Nick Bisagno (2002), Sawyer Luthy (2004), and Zach Moss (1999) all joined US Soccer Development Academy teams. Bisagno and Moss played in the Idaho Olympic Development Program (ODP) players, and all three played club soccer for the Boise Nationals Timbers.
Bisagno is playing for the Barcelona Academy in Casa Grande, AZ, where he will stay for at least 11 months. Barcelona, the famed Spainish club, just opened the doors to their first established Academy in America. Real Salt Lake had its headquarters in Casa Grande until it moved back to Salt Lake in July. Barcelona moved in, and included Bisagno in its initial crop of recruits after scouting him at the ODP Championships last January. When RSL opened its residential academy in Arizona, it was the first of its kind. Barcelona has continued the model, with players living in dorms, attending a local high school, and spending the remainder of the day at the state-of-the-art facility, working with some of the top minds in the world.

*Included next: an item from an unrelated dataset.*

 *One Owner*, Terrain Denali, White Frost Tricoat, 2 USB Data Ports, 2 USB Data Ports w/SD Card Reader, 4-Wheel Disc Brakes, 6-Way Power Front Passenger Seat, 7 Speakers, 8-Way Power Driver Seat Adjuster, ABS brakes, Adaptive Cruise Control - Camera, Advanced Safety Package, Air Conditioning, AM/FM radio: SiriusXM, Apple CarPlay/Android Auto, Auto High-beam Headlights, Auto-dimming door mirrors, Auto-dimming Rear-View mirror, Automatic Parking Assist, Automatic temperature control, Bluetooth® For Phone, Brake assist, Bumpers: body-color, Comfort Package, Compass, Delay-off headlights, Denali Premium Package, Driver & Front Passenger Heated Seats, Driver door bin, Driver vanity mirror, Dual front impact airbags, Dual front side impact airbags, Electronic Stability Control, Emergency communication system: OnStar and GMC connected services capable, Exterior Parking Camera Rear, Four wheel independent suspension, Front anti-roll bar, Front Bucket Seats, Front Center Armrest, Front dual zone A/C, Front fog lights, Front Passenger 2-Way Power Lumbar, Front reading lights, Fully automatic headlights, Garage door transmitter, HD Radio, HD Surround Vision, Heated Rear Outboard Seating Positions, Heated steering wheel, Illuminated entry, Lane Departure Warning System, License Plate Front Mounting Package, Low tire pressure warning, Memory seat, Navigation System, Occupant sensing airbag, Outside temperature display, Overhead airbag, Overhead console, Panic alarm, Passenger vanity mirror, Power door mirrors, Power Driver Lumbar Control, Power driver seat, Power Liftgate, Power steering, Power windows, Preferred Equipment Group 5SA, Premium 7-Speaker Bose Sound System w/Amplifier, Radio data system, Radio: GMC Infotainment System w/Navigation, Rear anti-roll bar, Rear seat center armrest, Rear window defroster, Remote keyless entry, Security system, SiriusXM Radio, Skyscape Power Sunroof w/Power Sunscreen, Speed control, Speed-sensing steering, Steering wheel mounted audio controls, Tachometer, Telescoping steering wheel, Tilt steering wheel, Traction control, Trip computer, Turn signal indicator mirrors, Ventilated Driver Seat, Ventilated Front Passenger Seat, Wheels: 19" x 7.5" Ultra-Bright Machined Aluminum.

“Everyone knows their roles and what to do here,” Bisagno said of the high-level environment he now calls home. “The coaches are great."
Moss and Luthy are playing for the Portland Timbers Academy, and are both living with host families in Portland for the time being. The connection between the Timbers with both Idaho ODP and BNT paid off, for Moss and Luthy. They follow in the footsteps of Terrell Lowe, Blake Bodily, and Adrian Arguello by making the jump to Portland.
“Playing here is an opportunity very few soccer players get and something I'd regret if I didn't take,” Moss said. “It's everything a kid could dream of playing for the Timbers."
Both players have chosen to move to these cities to focus on training and take advantage of the high quality of play and the scouting that comes with it. There is a high level of accountability here, especially from teammates.
"You mess up and you get called out for it, it's the only way us players will get better,” Moss said. “As intimidating as it is, I love it, it makes me better. Here there is no room for sugar coating."
The coaches work to create strong chemistry between the players, while ensuring the environment remains highly competitive. "If you don't perform well one week you will not make the roster for the game," Luthy said.
Practices are described as fast-paced, competitive, and of high intensity. A typical training week requires practice Monday through Thursday, with Fridays spent traveling for Saturday/Sunday games.
What is the Developmental Academy?
Founded in 2007, the US Soccer Developmental Academy (DA) aims to develop world-class players. The DA serves as the top level for youth soccer in the United States, recruiting elite players, with a philosophy of increased training, and more meaningful games using international rules of competition. The academy has 197 clubs; consisting of U-12 to U-18/19 boys, and as of Fall 2017, now includes a girl’s program for ages U-14 to U18/19.